Directions>
Below are some records; output exactly the lines from the line with "- Full Antique" to the line with "把黄瓜、鸡胸肉这两样减肥食材", both ends kept, and nothing more.

(Items from a dataset)
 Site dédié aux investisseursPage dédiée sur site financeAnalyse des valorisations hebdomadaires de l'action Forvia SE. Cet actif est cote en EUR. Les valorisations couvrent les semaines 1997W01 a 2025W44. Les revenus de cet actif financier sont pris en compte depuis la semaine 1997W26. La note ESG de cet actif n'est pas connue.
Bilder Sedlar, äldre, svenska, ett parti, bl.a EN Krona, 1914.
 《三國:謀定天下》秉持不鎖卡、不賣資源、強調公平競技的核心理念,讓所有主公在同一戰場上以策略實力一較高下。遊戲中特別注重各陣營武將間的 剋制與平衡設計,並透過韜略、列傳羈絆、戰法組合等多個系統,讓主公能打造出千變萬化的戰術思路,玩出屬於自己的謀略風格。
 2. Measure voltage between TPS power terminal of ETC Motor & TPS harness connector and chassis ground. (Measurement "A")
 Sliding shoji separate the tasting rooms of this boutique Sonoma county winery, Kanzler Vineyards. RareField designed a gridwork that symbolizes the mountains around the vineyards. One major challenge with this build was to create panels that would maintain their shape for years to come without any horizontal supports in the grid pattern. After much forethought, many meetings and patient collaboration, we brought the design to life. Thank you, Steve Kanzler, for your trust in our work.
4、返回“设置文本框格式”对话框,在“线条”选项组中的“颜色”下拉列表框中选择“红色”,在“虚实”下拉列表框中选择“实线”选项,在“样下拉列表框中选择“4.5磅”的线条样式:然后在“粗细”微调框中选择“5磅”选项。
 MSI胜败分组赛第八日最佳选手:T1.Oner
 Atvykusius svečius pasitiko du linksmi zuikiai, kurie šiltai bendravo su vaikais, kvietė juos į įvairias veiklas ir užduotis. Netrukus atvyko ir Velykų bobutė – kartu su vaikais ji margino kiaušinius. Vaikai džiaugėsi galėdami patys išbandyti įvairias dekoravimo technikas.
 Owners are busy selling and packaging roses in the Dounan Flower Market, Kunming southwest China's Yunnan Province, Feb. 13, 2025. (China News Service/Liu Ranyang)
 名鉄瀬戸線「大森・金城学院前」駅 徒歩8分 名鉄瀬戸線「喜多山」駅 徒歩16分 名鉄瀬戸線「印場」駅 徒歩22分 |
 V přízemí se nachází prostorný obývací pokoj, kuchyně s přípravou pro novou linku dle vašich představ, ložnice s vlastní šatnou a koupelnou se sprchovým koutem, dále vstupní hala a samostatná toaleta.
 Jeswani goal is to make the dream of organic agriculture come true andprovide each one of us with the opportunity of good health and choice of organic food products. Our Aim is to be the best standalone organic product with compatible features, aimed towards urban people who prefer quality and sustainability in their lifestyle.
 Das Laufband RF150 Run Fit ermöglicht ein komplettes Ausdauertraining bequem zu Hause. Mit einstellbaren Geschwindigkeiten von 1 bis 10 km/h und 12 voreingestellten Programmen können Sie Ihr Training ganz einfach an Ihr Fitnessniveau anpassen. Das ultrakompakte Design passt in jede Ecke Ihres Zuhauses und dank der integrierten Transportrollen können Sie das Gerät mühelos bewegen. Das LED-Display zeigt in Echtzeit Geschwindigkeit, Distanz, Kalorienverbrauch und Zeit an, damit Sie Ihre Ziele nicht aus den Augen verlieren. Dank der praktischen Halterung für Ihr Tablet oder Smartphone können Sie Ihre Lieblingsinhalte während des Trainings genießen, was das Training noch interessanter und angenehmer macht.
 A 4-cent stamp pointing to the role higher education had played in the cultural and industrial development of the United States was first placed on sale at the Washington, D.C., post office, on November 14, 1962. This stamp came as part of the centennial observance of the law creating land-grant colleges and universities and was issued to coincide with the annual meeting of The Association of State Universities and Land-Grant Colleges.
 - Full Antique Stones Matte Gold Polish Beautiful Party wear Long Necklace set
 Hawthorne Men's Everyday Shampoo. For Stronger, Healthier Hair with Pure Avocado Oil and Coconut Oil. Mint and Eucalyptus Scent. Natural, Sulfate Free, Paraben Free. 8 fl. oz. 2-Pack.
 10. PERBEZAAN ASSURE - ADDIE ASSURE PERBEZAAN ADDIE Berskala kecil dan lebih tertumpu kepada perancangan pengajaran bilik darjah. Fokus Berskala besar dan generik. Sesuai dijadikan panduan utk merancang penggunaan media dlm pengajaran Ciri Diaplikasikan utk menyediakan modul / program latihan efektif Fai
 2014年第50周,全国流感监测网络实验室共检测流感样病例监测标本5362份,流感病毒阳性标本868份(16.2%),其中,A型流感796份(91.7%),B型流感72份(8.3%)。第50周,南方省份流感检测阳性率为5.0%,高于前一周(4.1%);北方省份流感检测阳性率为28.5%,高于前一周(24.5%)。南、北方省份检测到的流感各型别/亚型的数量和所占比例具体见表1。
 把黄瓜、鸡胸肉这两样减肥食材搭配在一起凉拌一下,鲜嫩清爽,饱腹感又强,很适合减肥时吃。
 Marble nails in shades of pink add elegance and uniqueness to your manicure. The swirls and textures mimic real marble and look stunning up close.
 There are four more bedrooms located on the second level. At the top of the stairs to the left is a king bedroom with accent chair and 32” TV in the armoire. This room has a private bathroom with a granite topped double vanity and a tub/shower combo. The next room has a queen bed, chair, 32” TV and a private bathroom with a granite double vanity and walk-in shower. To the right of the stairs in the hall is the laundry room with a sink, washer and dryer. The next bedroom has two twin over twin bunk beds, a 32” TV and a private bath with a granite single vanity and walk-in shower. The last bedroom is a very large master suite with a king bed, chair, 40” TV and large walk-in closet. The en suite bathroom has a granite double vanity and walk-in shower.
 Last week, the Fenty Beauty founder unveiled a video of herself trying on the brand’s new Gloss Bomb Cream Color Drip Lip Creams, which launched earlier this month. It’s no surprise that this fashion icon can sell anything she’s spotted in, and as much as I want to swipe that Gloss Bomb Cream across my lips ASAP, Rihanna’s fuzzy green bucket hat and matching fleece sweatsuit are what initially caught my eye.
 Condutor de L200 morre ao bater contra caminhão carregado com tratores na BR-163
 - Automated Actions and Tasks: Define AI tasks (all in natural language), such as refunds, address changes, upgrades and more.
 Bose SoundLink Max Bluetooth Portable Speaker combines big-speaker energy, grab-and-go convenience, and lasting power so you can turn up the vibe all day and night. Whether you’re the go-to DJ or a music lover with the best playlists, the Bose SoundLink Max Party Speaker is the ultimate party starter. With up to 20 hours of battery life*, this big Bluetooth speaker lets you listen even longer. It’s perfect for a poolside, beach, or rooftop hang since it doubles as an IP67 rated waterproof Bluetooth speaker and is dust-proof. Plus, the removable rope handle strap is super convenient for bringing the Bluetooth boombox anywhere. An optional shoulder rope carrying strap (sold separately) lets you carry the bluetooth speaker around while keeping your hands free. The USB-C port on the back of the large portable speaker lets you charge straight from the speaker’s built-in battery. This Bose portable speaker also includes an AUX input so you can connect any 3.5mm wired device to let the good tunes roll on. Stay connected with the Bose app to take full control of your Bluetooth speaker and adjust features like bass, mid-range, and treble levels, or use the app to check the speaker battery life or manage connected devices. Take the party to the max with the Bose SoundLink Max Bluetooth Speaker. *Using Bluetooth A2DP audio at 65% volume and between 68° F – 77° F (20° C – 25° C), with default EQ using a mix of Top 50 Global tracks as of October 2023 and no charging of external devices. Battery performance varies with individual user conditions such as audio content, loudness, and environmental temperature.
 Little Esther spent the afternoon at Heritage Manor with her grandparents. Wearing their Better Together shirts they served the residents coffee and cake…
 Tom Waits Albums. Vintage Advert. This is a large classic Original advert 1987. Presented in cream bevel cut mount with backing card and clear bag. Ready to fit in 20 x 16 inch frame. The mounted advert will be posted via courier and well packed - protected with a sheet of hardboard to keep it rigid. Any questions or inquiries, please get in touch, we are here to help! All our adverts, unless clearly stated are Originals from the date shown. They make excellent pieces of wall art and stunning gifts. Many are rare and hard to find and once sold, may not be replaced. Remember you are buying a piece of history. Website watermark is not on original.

Solution to this task>
 - Full Antique Stones Matte Gold Polish Beautiful Party wear Long Necklace set
 Hawthorne Men's Everyday Shampoo. For Stronger, Healthier Hair with Pure Avocado Oil and Coconut Oil. Mint and Eucalyptus Scent. Natural, Sulfate Free, Paraben Free. 8 fl. oz. 2-Pack.
 10. PERBEZAAN ASSURE - ADDIE ASSURE PERBEZAAN ADDIE Berskala kecil dan lebih tertumpu kepada perancangan pengajaran bilik darjah. Fokus Berskala besar dan generik. Sesuai dijadikan panduan utk merancang penggunaan media dlm pengajaran Ciri Diaplikasikan utk menyediakan modul / program latihan efektif Fai
 2014年第50周,全国流感监测网络实验室共检测流感样病例监测标本5362份,流感病毒阳性标本868份(16.2%),其中,A型流感796份(91.7%),B型流感72份(8.3%)。第50周,南方省份流感检测阳性率为5.0%,高于前一周(4.1%);北方省份流感检测阳性率为28.5%,高于前一周(24.5%)。南、北方省份检测到的流感各型别/亚型的数量和所占比例具体见表1。
 把黄瓜、鸡胸肉这两样减肥食材搭配在一起凉拌一下,鲜嫩清爽,饱腹感又强,很适合减肥时吃。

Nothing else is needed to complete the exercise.